This list of business hazardous waste disposal companies is provided for information purposes only. This list does not constitute approval of any of the firms identified nor do we claim that the list is complete.

VSQG collection programs

Very Small Quantity Generators (VSQGs) are allowed to deliver their own waste in their own vehicle to a licensed VSQG collection program. Small businesses, non-profits and other organizations that generate 220 pounds or less of hazardous waste per month are also eligible to participate in this program.

Although program participants pay disposal charges, the programs are intended to provide convenient and cost-effective disposal options. This allows eligible participants to regularly dispose of small quantities of waste rather than accumulate it over a long time period.

For more information on the requirements, list of collection programs and how to manage and store your waste see the VSQG collection programs fact sheet (PDF).

Listed hazardous wastes

Listed hazardous wastes include PCB wastes and those wastes that appear on one of the four specific lists (F, K, P, or U) found in the Code of Federal Regulations, title 40, part 261, subpart D and incorporated by reference in the Minnesota hazardous waste rules.

F list (PDF)
This list includes waste solvents, wastewater treatment sludges and electroplating baths, sludges, and related wastes. Examples of F listed wastes include many paint and lacquer thinners, some types of brake and carburetor cleaners, vapor degreasing and dry cleaning solvents, as well as distillation bottoms from the reclamation of these spent solvents or spent solvent mixtures.

K list (PDF)
This list includes wastes that are the result of a specific industry process such as wood preserving, manufacture of pesticides, explosives, inks, organic or inorganic chemicals and inorganic pigments, petroleum refining, and iron and steel industries.

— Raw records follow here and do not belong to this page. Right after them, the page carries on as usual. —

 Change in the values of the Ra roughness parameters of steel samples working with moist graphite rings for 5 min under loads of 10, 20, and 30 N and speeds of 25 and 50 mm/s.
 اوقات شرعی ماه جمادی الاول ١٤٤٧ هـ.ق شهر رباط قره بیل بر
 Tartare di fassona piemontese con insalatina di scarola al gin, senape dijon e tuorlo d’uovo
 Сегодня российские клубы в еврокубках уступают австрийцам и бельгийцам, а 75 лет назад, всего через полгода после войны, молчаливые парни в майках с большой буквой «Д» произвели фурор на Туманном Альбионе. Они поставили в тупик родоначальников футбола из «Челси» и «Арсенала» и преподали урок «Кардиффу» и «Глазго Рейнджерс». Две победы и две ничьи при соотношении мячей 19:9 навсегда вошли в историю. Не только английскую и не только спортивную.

P list (PDF) and U list (PDF)
These lists should be checked if you are disposing of unused or usable chemical products or spill residues. To be P or U listed, the P or U chemical must comprise 100 percent of the waste or be the sole active ingredient.

PCB wastes (PDF)
PCBs are substances that contain PCBs at a concentration of 50 parts per million or greater.

Characteristic hazardous wastes

Characteristic hazardous wastes (PDF) are those wastes that are not listed as hazardous wastes on one of the specific lists (the F, K, P or U lists) but that exhibit one or more of the following characteristics:

  • Ignitability or is an oxidizer
  • Corrosivity
  • Reactivity
  • Lethality or toxicity

Descriptions of hazardous waste characteristics

Descriptions of each characteristic and examples of some wastes that may have such characteristics are listed below along with the 4 digit hazardous waste code:

Ignitable wastes (D001) have flash points of less than 140 degrees Fahrenheit or ignite spontaneously and burn vigorously.

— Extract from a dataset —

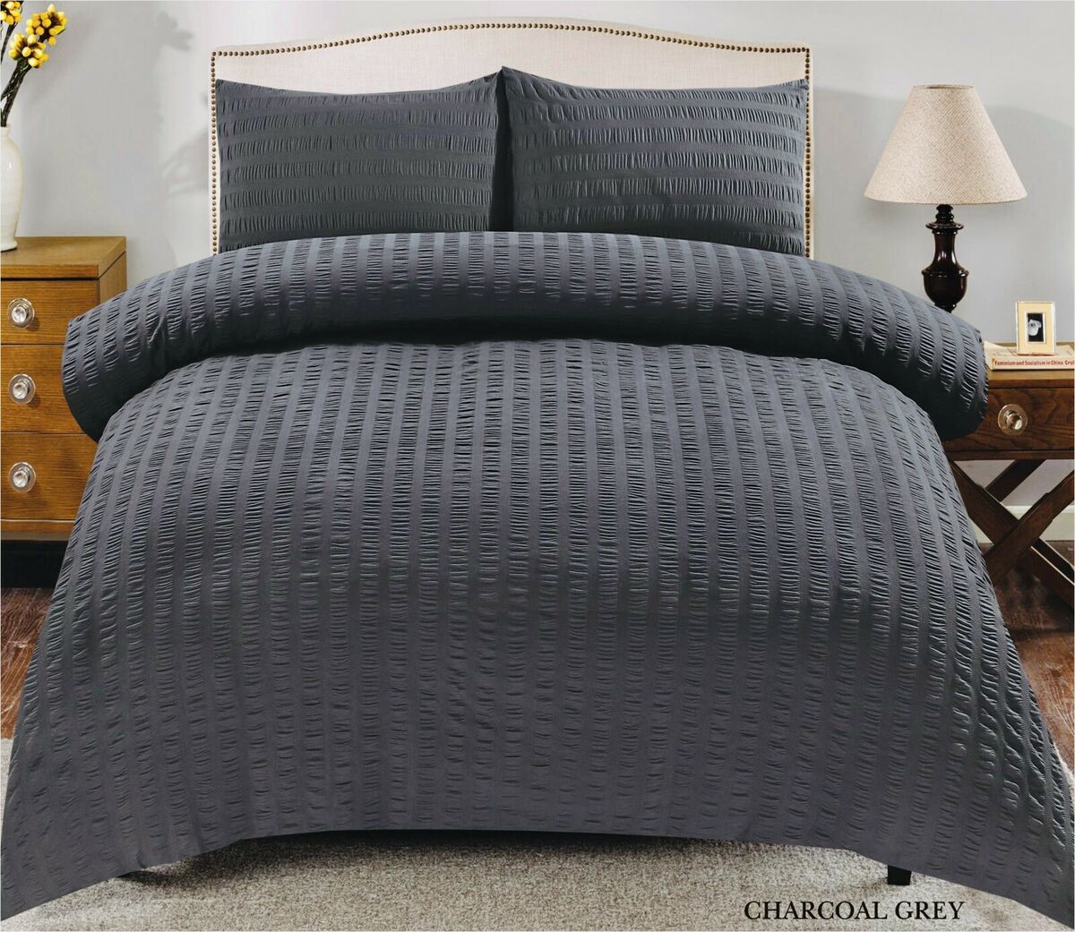 Amazing Seersucker Duvet Quilt Cover Set with Pillowcase and Plain Dyed Matching-colour fitted sheet Premium Quality

  • The Safety Data Sheet (SDS) will give the flash point of the product. This will likely be close to the flash point of the waste unless the waste is contaminated with materials that have a very low flash point, such as gasoline.
  • Examples: mineral spirits, many petroleum based parts washer solvents, alcohols, etc.

Oxidizing wastes (D001) supply oxygen to a fire in the absence of air.

  • The SDS will usually tell you whether the product is an oxidizer.
  • Examples: oxides, permanganates, nitrates, etc.

Corrosive wastes (D002) are liquids with a pH of 2.0 or less, 12.5 or more, or able to corrode steel at a rate greater than one-quarter of an inch per year.

  • The SDS will often give the pH of the product. Diluting the product prior to use and actual use of the product may change the pH enough so the waste is non-hazardous.
  • Some corrosive wastes may be able to be neutralized and discharged to a sanitary sewer. Check with your wastewater treatment plant operator for details.
  • Examples: strong acids and bases such as battery acid and radiator boil out tanks.

Reactive wastes (D003) are wastes that are unstable, react violently or form potentially explosive mixtures when mixed with water, or can produce toxic gases.

  • The reactivity hazard data section of the SDS may indicate the product is hazardous.
  • Examples: explosives and some cyanide bearing wastes.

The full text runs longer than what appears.